Before PDV Lucy was extremely malnourished and needed quality medical attention because of a severe deficiency leaving her under the minimum weight for someone of her age. Moreover, her daughter, Daniela, has struggled with hydrocephalus since birth. Due to the severity of her and her daughter’s health, along with the fact that their monthly income of approximately $100 classifies them as extremely impoverished, Pan de Vida has provided them with material, medical, and spiritual attention. Since then, Lucy has joined the beneficiary program, an amazing opportunity that equips her with entrepreneurial skills, materials to create a product, and action plans that help her sell the product in its completion. PDV also provides medical checkups for her when she eventually becomes sick again. Nevertheless, despite all the tangible ways that PDV helped her, Lucy is still an impoverished woman, struggling to provide for her family, afflicted by socioeconomic issues that neither her, nor Pan de Vida, can control.

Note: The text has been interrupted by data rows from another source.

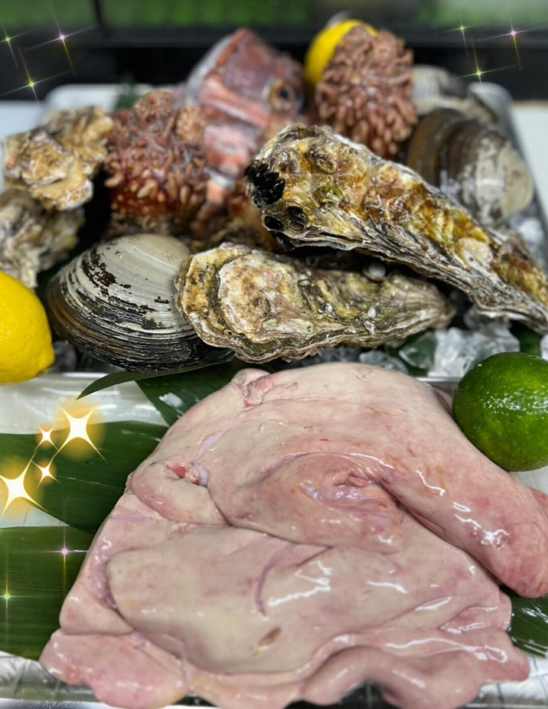 写真は本日入荷の生牡蠣、ホッキ貝、真ホヤ、あん肝です✨
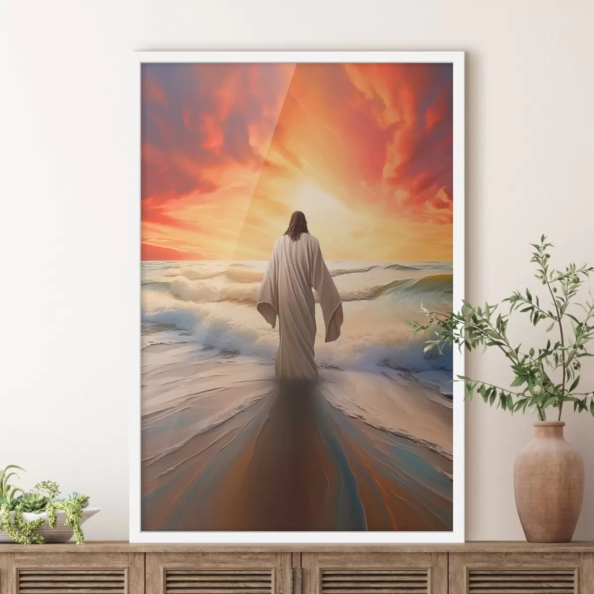 Poster Man bij het water op de achtergrond van zonsondergang Nr f42824
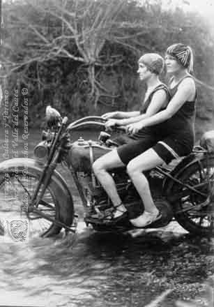 Señoritas Niessen, de paseo en su moto por el río Meléndez, Cali, 1927.
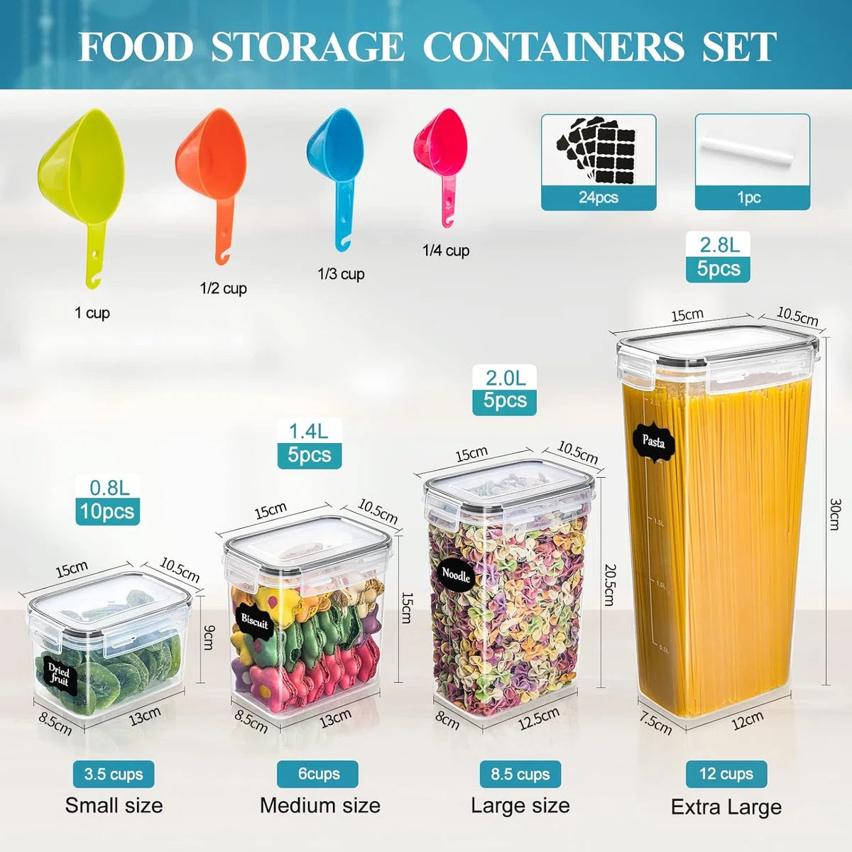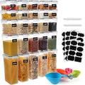 Storage Jars with Lid, Airtight, Set of 25, BPA-Free, Total Capacity 39 L, Storage Box, Kitchen, Moth-Proof Kitchen Organiser, Cornflakes, Cereal, Flour Storage, Storage Container with Labels
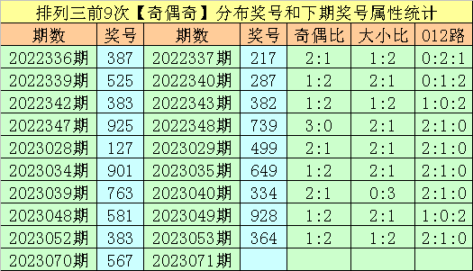 排列三第2023070期奖号为567,直选奇偶分布为:奇偶奇,该奇偶分布历史上共出现了794次,前100期出现12次。
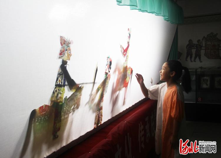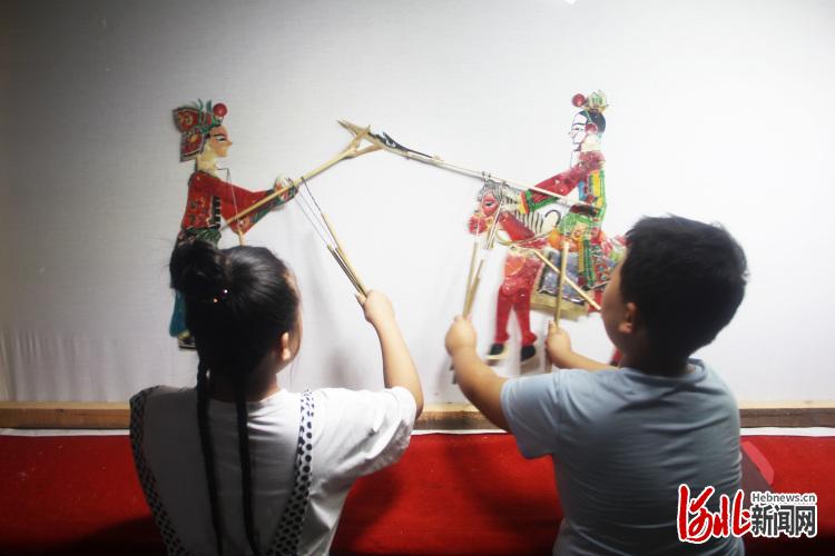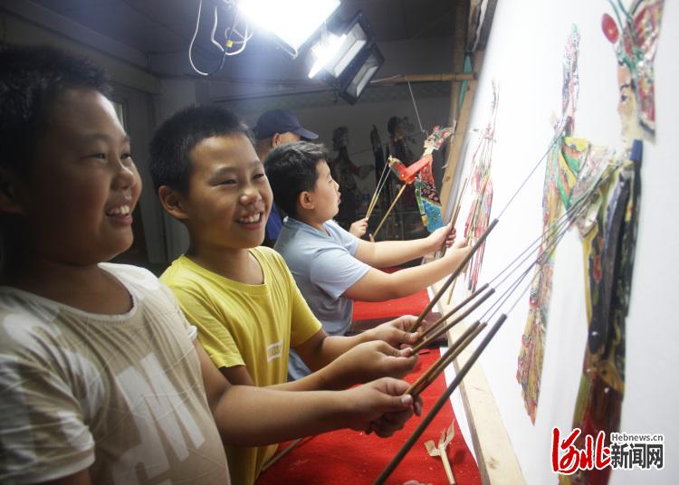 7月25日,小朋友们在河北省唐山市丰润区文化馆体验皮影戏表演。
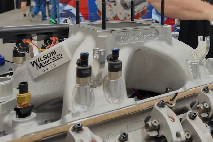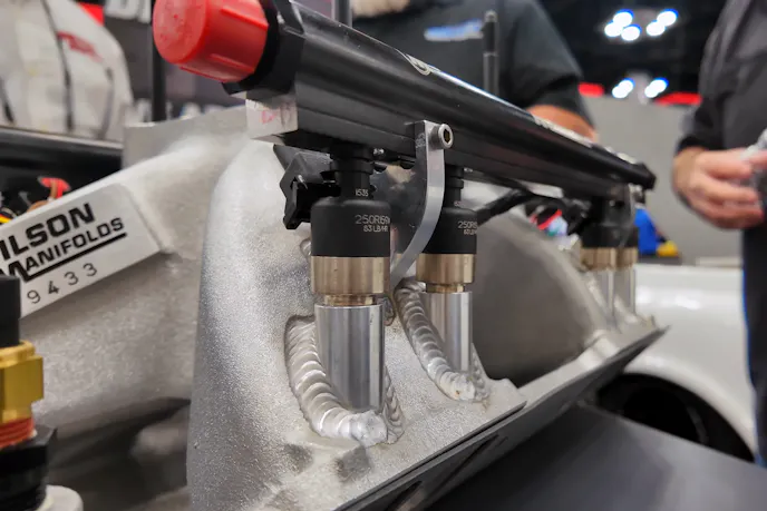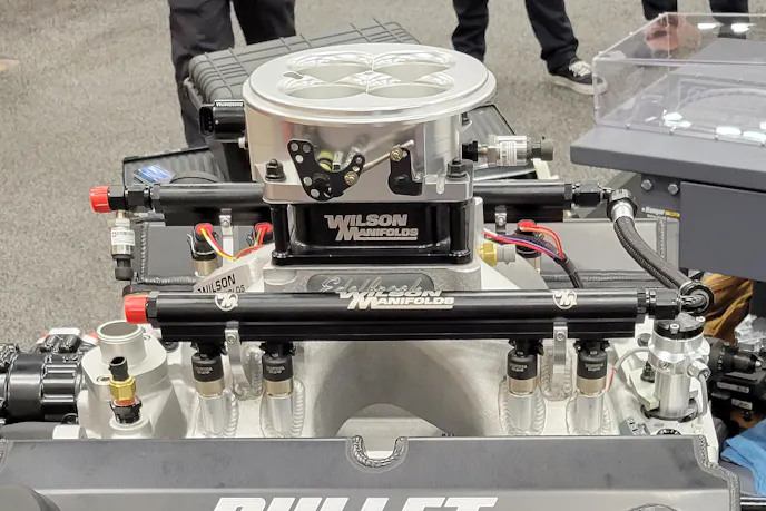 Naturally aspirated airflow leaves no room for mistakes. The team started with a Super Victor II manifold, port-matched it to the DR-17 heads, and converted it for EFI with Wilson Manifolds. Fuel is delivered by 83 lb/hr injectors controlled by a Holley Dominator ECU, paired with a coil-near-plug Smart Coil ignition. A 2,000-cfm 4500-flange Holley throttle body sits atop a Wilson spacer for added plenum volume. The result is carb-style airflow with EFI precision, street-ready but deep-tunable for the track.
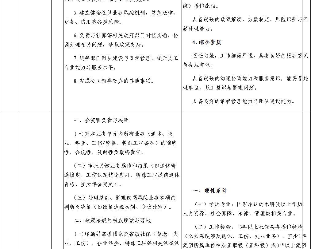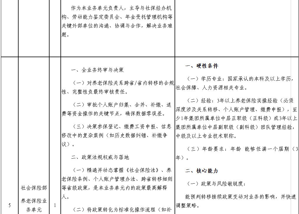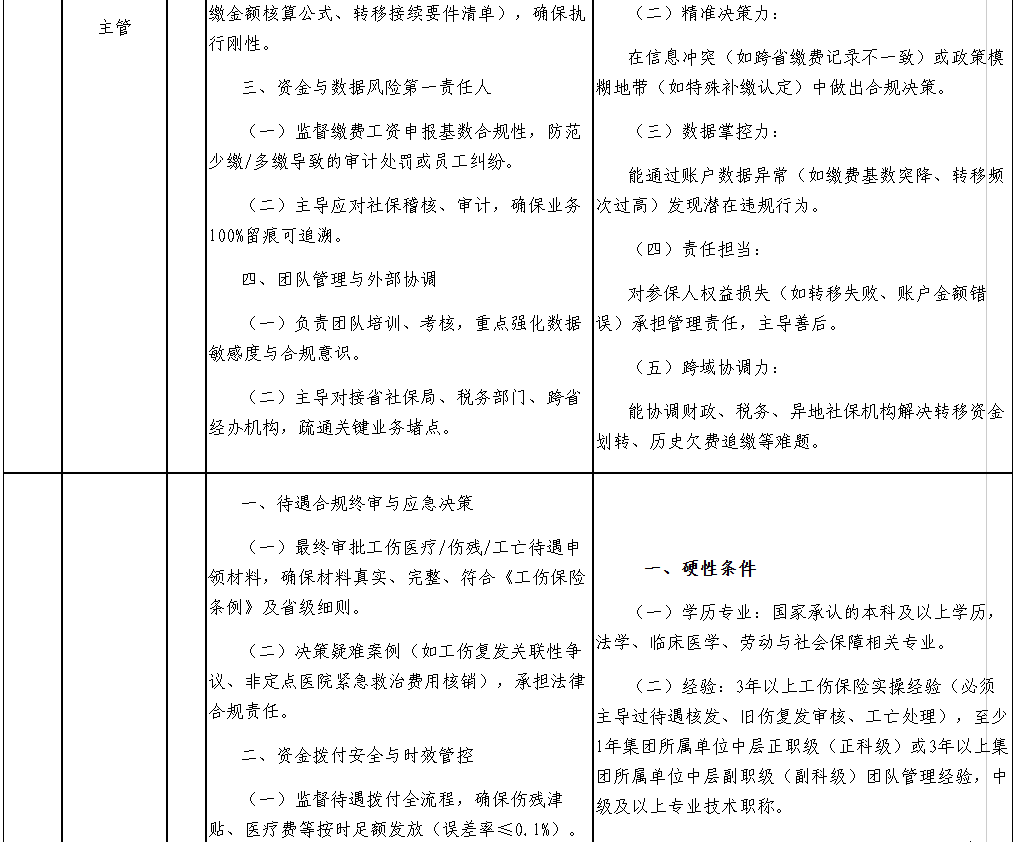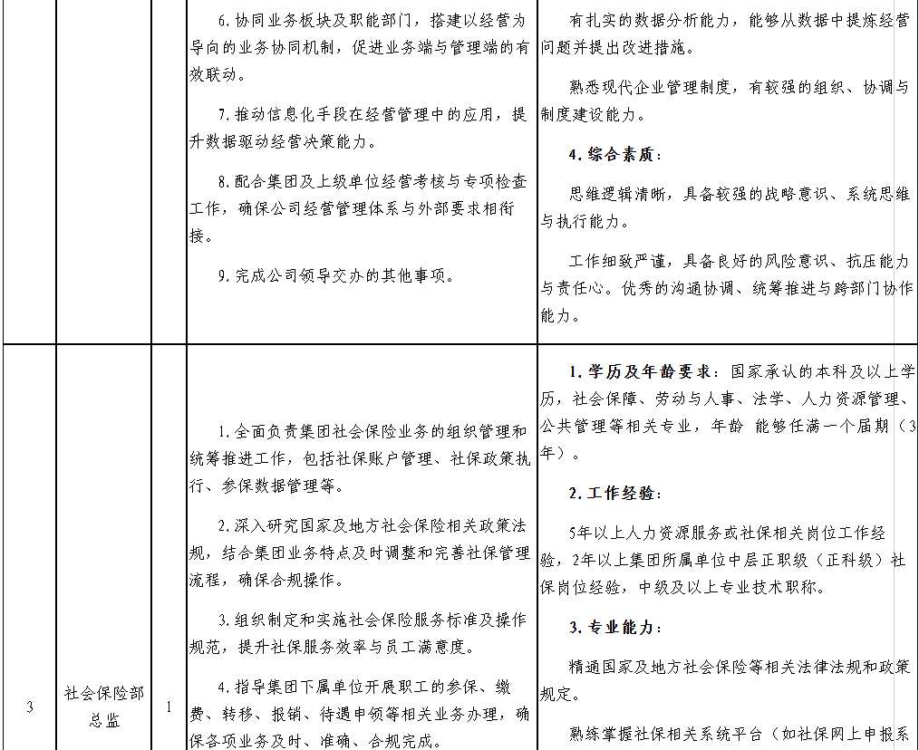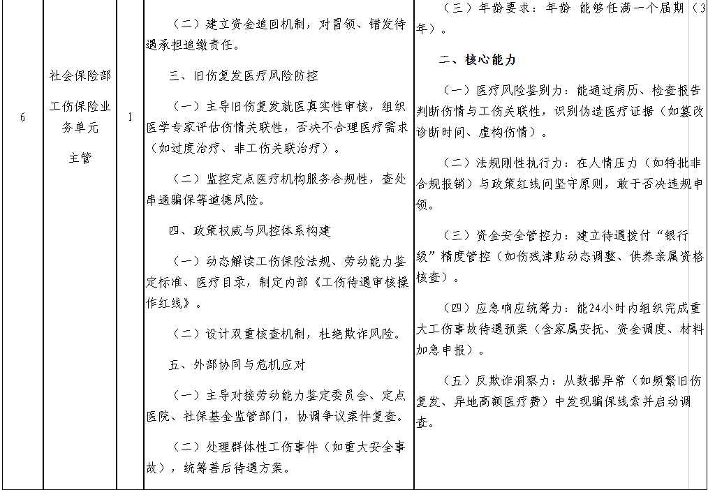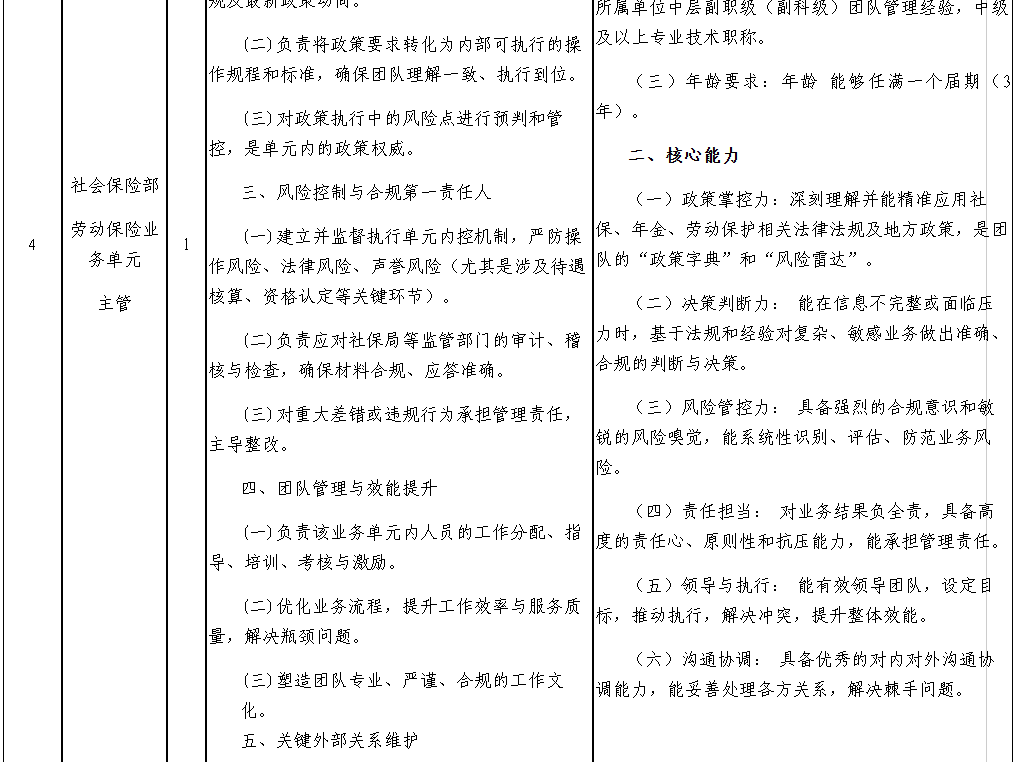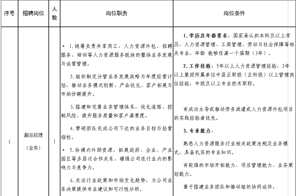 人力资源公司副总经理2名(业务、经营),社会保险部总监1名,社会保险部劳动保险业务单元主管1名,社会保险部养老保险业务单元主管1名,社会保险部工伤保险业务单元主管1名,具体要求见附表。
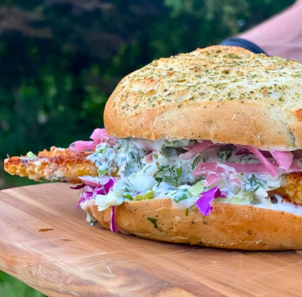 Sandwich m. vores hjemmelavede pankopanerede pastinak – også kendt som fredsfisk, hjemmelavet tatarsauce, cremet mayo, syltede rødløg og sprød spidskål
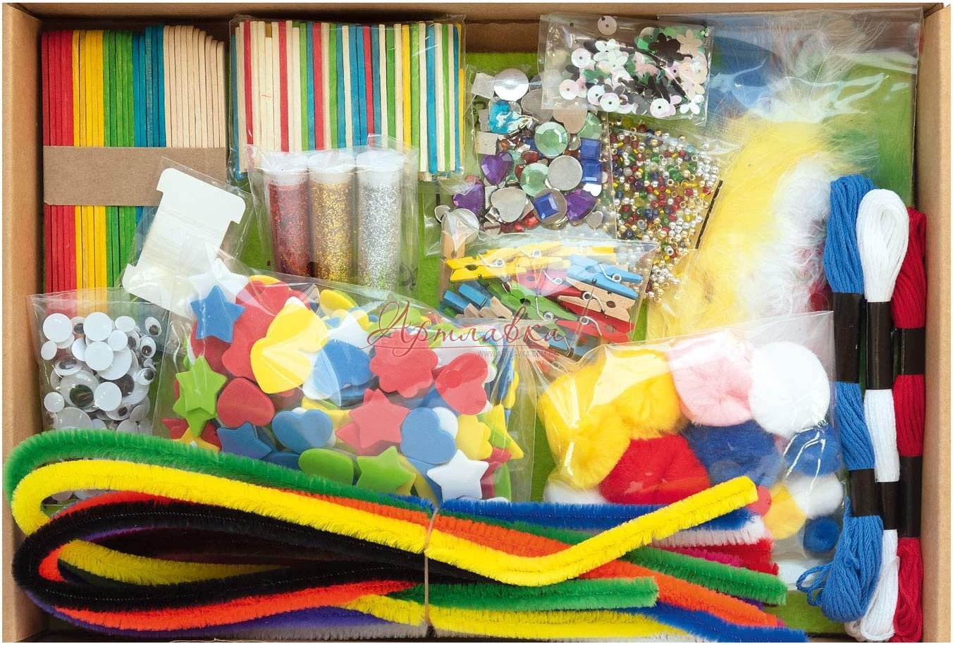 Шикарний набір для творчості, в якому зібрані найпопулярніші та найзатребуваніші матеріали для рукоділля, більш ніж 1300 штук. У набір входять: очі, що ворушаться, фетр для рукоділля, перфоровані деталі з поролону, дорогоцінне каміння, синєльний дріт, помпони, дерев'яні затискачі, дерев'яшки для рукоділля, палички-кобури, намистини, паєтки, пір'я з флісу, нитки для вишивання, та нейлонова нитка. Барвиста суміш матеріалів для творчих та творчих виробів та декорування – мрія будь-якої дівчинки. Маючи такі матеріали, можна створювати вироби у різних техніках, робити іграшки, сувеніри, брелочки, листівки, новорічні прикраси, великодні композиції та сюрпризи та декор до будь-якого свята.
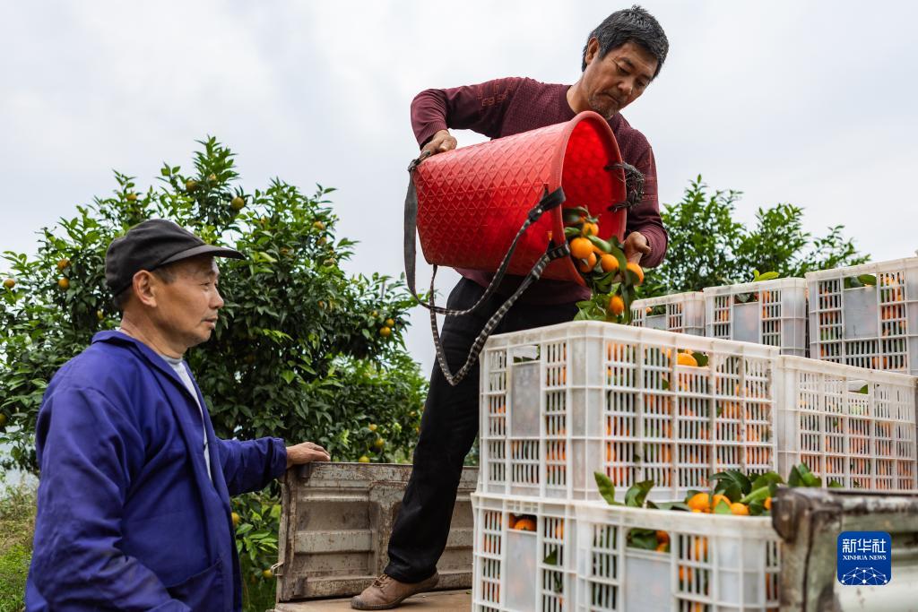 11月24日,在重慶市開(kāi)州區竹溪鎮大海村的一個(gè)柑橘種植基地,村民在將采摘的砂糖橘裝箱。
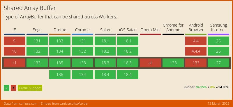 Learn more at: https://developer.mozilla.org/en-US/docs/Web/JavaScript/Reference/Global_Objects/SharedArrayBuffer#Browser_compatibility or https://caniuse.com/#feat=sharedarraybuffer
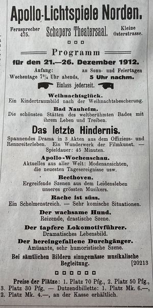 Kinoprogramm von Dezember 1912.
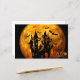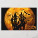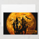 Este diseño presenta un feliz saludo de Halloween con una imagen de luna llena iluminada en un espeluznante tono de naranja brillante. También se puede ver una casa embrujada y murciélagos volando en el aire. Junto al texto hay dos pequeñas imágenes: una de un gato y otra de una calabaza, ambas asociadas con Halloween.
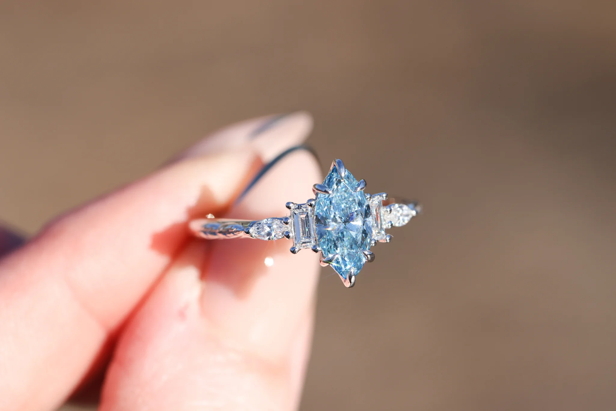 - Center: 1.25ct marquise blue lab diamond IGI 657462917
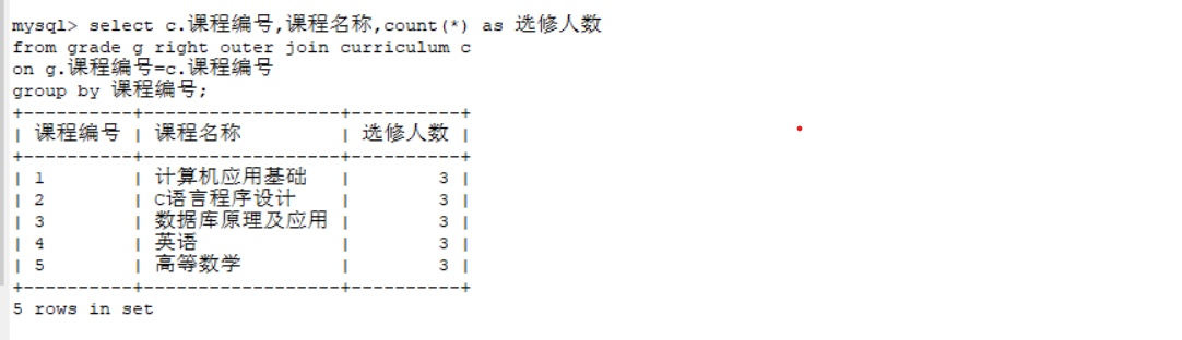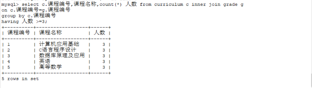 select c.课程编号,课程名称,count(*) 人数 from curriculum c inner join grade g

But despite her circumstances; despite the cardboard roof over the kitchen that surely doesn’t protect them from the rain, despite the giant hill that leaves you flushed and winded ever time she walks home, despite her struggle to sell her products on the streets, despite all the reasonable circumstances for her to sit in her sorrow — she was incredibly generous, greeted us with warm embraces, and by the end of our time with her, still gave all glory to God. She was a picture of true joy, joy that is founded in faith that her provider, comforter, and savior is soon coming back for her. Pan de Vida provided the foundation for many tangible things for Luciola: food, clothing, doctor appointments for when she is sick, and opportunities through what she learns in the micro business program. Nonetheless, the most valuable thing they provided her with was a foundation for a relationship with Jesus and a community of fellow women who she can commune with, share with, and do life with.
So beautifully written. So encouraged by the strength and faith of these women. Praying for them and the ministry.